• ABOUT THIS EXERCISE: Exactly the lines below, starting with the one containing "2.為便于競買人計(jì)算" and going on through the one containing "please fix lighting", must be reproduced, both ends included, and no pictures with them.

• DATASET EXTRACT:
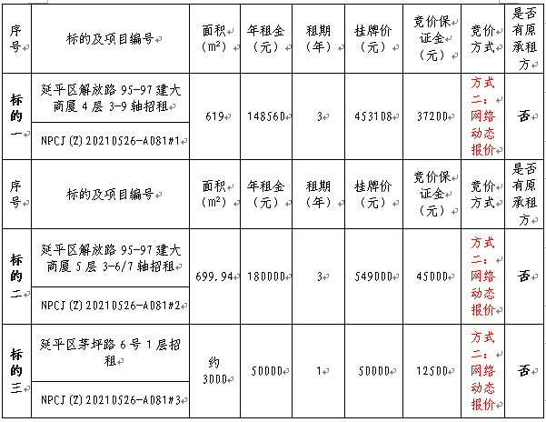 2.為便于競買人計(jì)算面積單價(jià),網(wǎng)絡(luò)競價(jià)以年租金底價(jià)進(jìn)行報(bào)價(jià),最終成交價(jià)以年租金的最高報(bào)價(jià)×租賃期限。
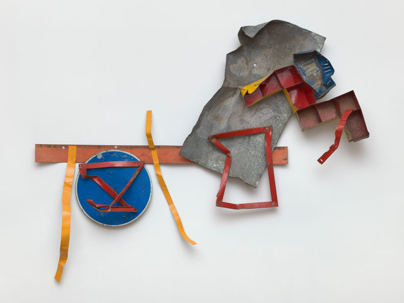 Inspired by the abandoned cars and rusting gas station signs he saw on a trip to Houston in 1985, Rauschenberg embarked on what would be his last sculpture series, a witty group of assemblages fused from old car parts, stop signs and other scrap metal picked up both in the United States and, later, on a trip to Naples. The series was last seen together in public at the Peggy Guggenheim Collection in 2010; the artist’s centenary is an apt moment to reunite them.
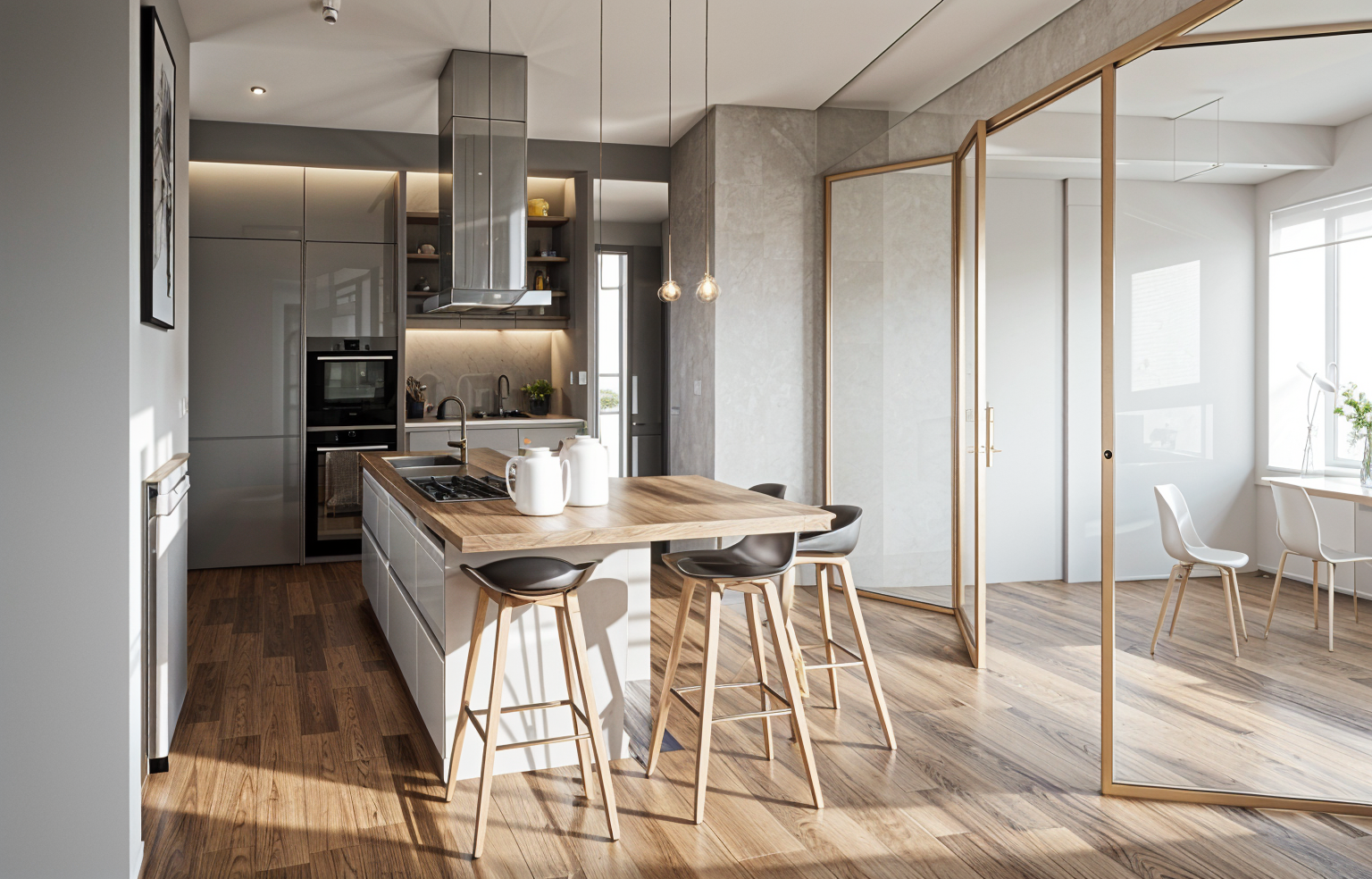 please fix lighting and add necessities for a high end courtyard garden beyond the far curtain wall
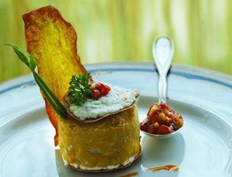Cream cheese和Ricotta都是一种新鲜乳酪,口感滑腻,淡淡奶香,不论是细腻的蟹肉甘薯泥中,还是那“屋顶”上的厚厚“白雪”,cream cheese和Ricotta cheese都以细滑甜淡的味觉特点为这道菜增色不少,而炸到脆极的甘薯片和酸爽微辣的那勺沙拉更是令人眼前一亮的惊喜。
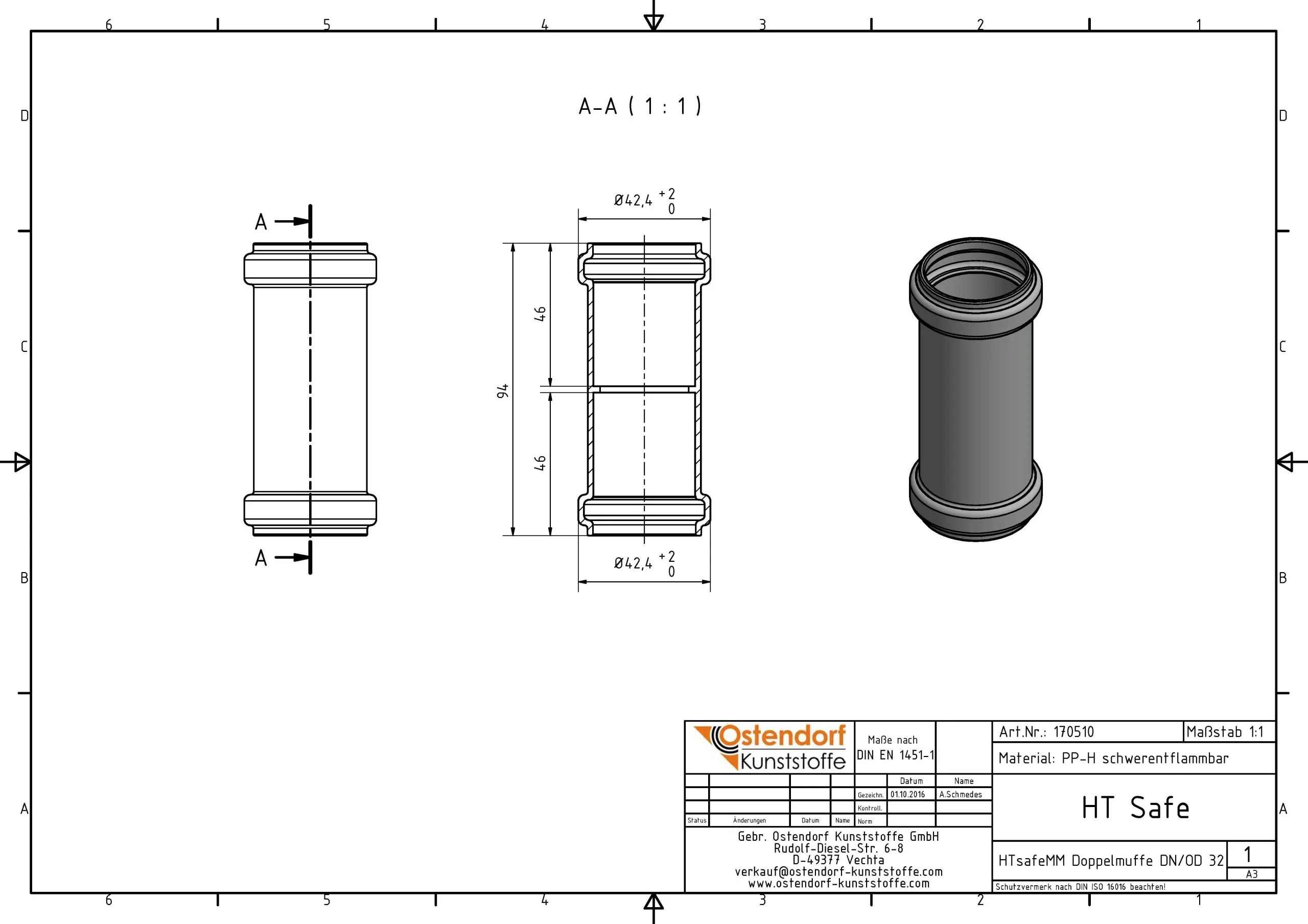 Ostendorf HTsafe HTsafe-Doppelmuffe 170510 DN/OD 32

==

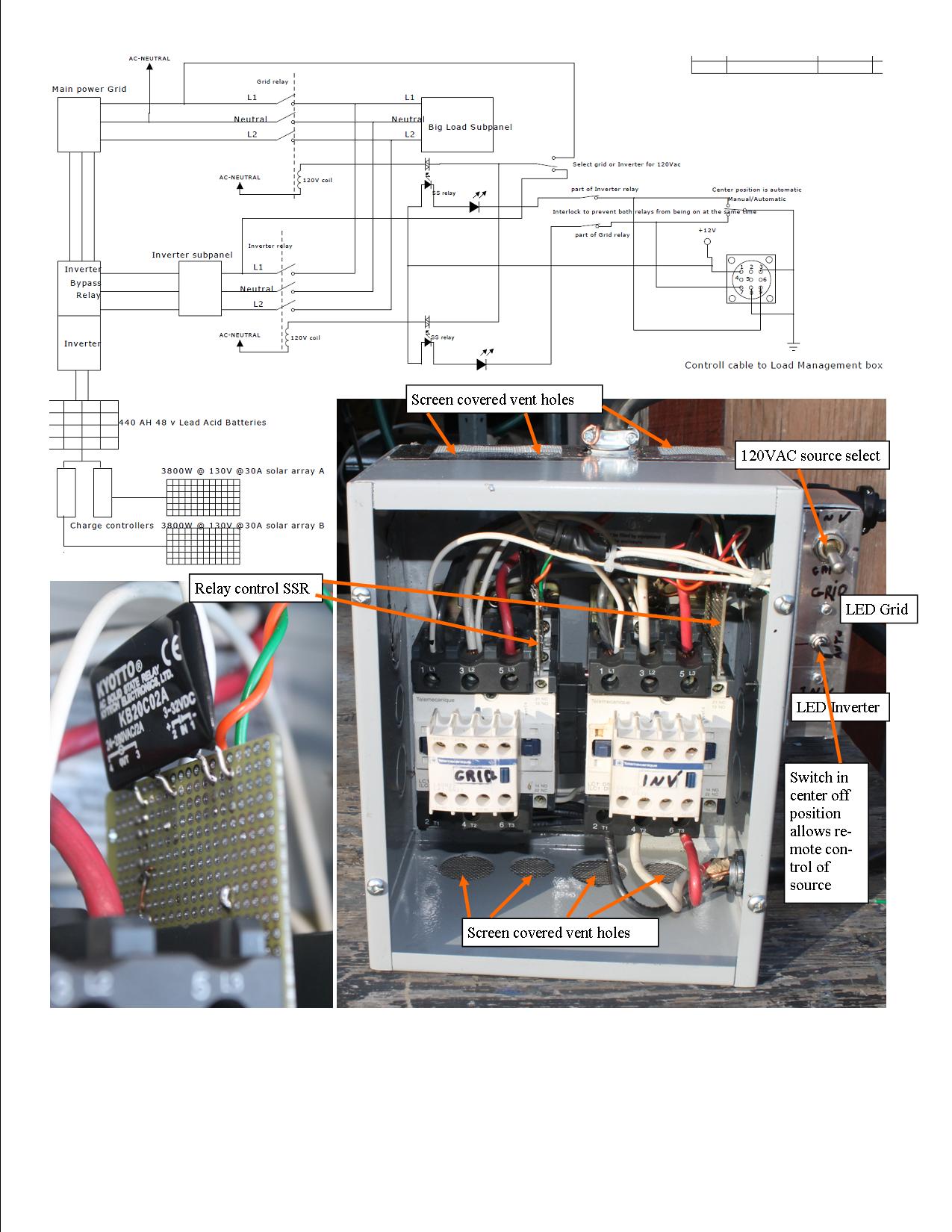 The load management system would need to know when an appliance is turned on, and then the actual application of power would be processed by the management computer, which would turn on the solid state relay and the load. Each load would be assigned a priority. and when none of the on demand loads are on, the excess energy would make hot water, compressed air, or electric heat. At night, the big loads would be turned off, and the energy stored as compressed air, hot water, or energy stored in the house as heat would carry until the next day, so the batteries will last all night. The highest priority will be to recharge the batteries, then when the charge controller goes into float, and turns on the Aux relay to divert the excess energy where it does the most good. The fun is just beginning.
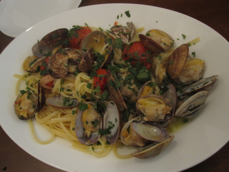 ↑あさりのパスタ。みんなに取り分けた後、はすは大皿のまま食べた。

---

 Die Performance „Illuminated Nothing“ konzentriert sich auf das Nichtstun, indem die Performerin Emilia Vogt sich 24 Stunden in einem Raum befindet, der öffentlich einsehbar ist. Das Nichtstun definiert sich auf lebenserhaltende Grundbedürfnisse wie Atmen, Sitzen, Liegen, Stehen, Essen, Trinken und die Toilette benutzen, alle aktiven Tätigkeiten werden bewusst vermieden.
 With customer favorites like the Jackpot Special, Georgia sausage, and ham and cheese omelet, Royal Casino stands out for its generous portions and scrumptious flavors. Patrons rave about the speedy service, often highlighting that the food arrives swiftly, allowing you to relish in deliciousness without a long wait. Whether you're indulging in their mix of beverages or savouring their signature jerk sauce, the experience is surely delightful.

• RESPONSE:
 2.為便于競買人計(jì)算面積單價(jià),網(wǎng)絡(luò)競價(jià)以年租金底價(jià)進(jìn)行報(bào)價(jià),最終成交價(jià)以年租金的最高報(bào)價(jià)×租賃期限。
 Inspired by the abandoned cars and rusting gas station signs he saw on a trip to Houston in 1985, Rauschenberg embarked on what would be his last sculpture series, a witty group of assemblages fused from old car parts, stop signs and other scrap metal picked up both in the United States and, later, on a trip to Naples. The series was last seen together in public at the Peggy Guggenheim Collection in 2010; the artist’s centenary is an apt moment to reunite them.
 please fix lighting and add necessities for a high end courtyard garden beyond the far curtain wall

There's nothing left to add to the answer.